**Your assignment:** Reproduce from the records below, with no pictures, exactly the lines between the one containing "Includes Mid Century Building" and the one containing "1ST FLOOR 1051 sq.ft. (97.6 sq.m.) approx.", inclusive.

═════ Study material ═════

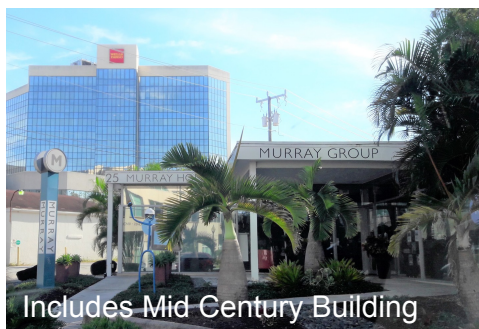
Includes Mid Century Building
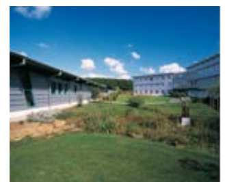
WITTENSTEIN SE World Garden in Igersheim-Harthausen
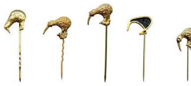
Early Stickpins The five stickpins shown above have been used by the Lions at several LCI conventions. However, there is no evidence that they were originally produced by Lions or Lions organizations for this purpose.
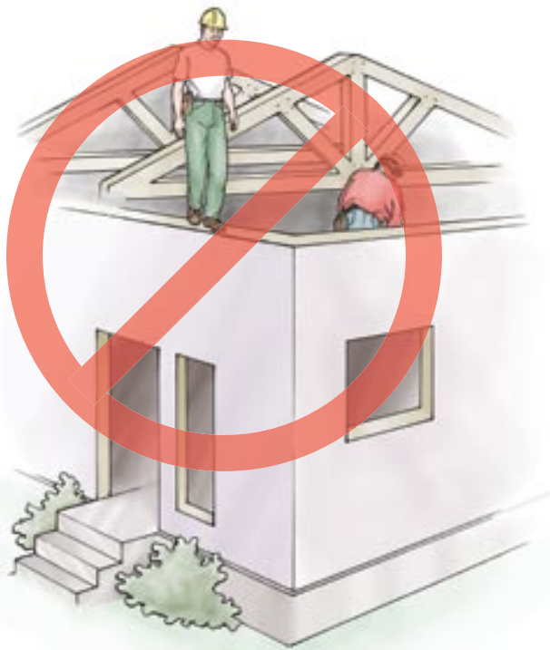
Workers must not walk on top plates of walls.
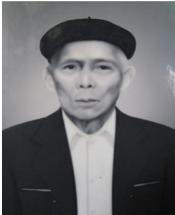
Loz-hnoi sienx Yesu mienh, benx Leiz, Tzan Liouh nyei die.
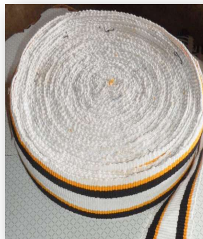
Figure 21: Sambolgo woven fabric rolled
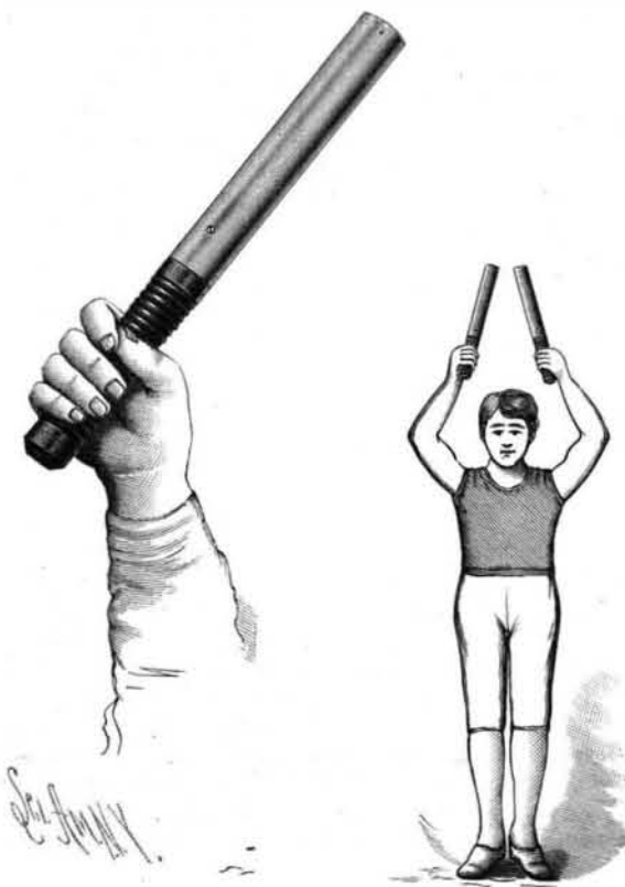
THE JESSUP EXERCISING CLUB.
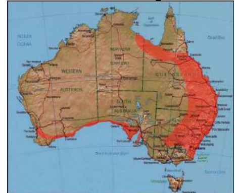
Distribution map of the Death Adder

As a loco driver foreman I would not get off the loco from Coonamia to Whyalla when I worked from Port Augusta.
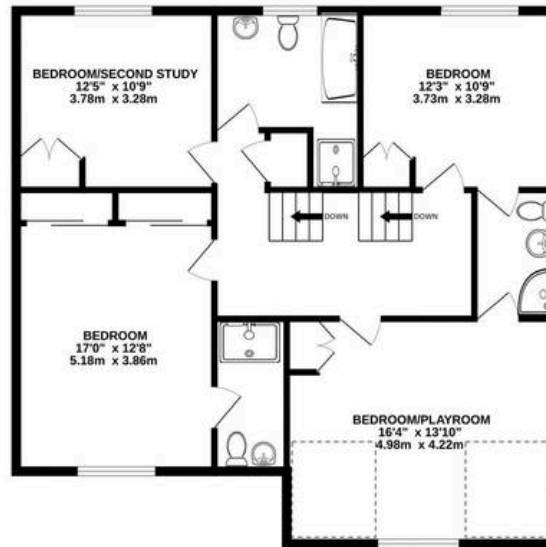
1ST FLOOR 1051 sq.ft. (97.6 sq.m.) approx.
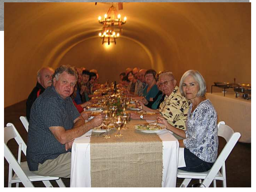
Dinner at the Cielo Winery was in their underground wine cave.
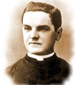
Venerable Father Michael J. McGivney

═════
═════ Study material ═════

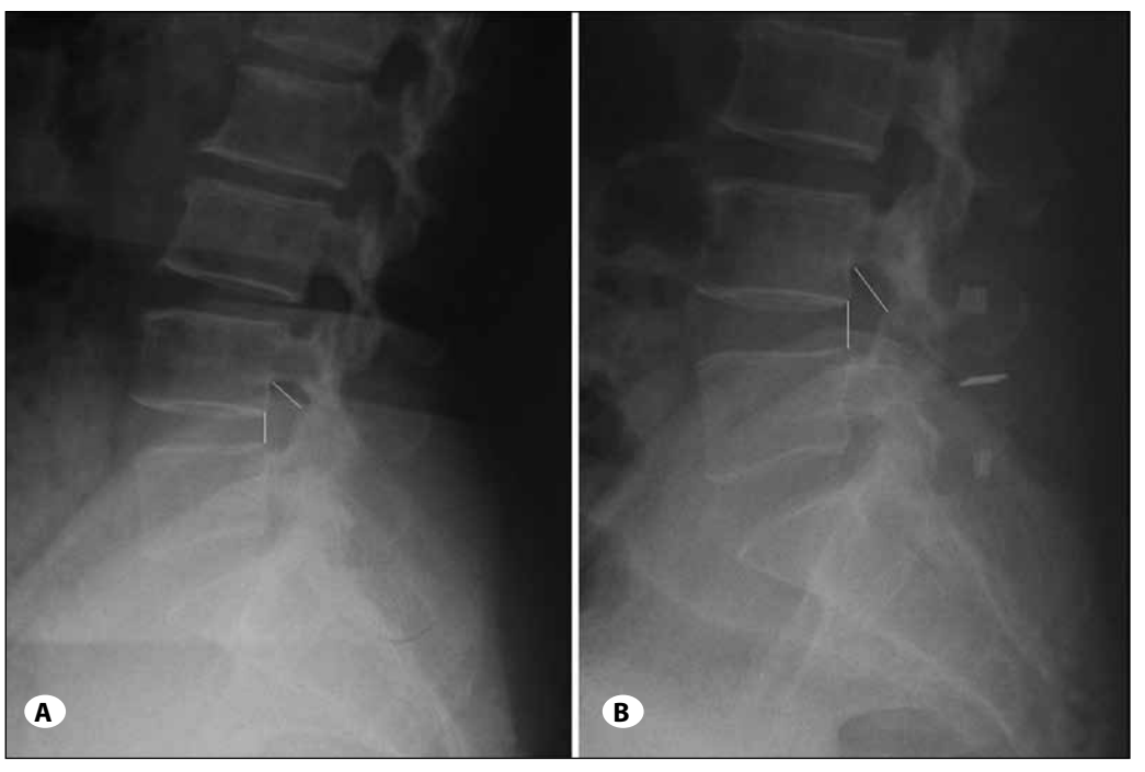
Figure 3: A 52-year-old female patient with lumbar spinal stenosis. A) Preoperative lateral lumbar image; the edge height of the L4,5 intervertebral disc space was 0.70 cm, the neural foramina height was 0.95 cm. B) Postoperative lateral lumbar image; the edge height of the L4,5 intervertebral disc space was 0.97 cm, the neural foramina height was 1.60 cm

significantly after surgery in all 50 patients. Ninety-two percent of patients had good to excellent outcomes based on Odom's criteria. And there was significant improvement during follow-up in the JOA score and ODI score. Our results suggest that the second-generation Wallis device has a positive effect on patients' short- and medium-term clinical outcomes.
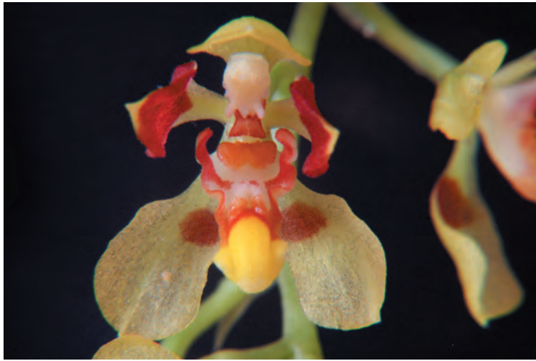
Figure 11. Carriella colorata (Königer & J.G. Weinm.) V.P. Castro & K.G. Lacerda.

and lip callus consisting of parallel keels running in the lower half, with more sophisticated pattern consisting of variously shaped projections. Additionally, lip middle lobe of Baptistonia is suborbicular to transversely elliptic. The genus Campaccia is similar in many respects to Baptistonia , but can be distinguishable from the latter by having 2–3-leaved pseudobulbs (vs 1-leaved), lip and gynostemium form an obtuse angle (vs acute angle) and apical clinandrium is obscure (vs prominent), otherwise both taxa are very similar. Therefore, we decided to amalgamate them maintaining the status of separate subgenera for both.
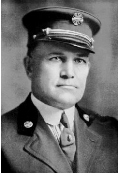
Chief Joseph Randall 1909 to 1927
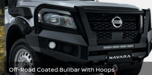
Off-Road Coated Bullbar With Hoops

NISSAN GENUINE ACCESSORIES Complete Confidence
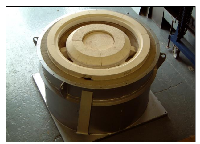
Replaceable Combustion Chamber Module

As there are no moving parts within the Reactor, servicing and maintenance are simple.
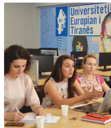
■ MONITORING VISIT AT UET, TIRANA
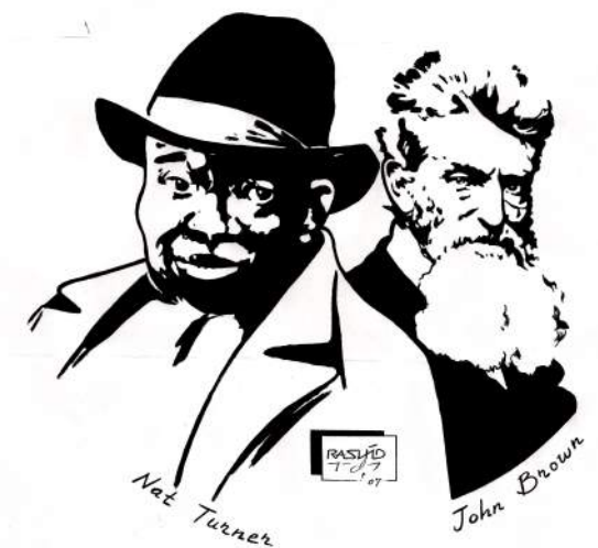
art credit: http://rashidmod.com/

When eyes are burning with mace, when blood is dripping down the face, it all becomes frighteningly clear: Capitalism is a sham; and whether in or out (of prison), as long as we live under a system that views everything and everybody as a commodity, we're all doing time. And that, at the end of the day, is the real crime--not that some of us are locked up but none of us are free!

═════

**Answer to this task:**
Includes Mid Century Building
WITTENSTEIN SE World Garden in Igersheim-Harthausen
Early Stickpins The five stickpins shown above have been used by the Lions at several LCI conventions. However, there is no evidence that they were originally produced by Lions or Lions organizations for this purpose.
Workers must not walk on top plates of walls.
Loz-hnoi sienx Yesu mienh, benx Leiz, Tzan Liouh nyei die.
Figure 21: Sambolgo woven fabric rolled
THE JESSUP EXERCISING CLUB.
Distribution map of the Death Adder

As a loco driver foreman I would not get off the loco from Coonamia to Whyalla when I worked from Port Augusta.
1ST FLOOR 1051 sq.ft. (97.6 sq.m.) approx.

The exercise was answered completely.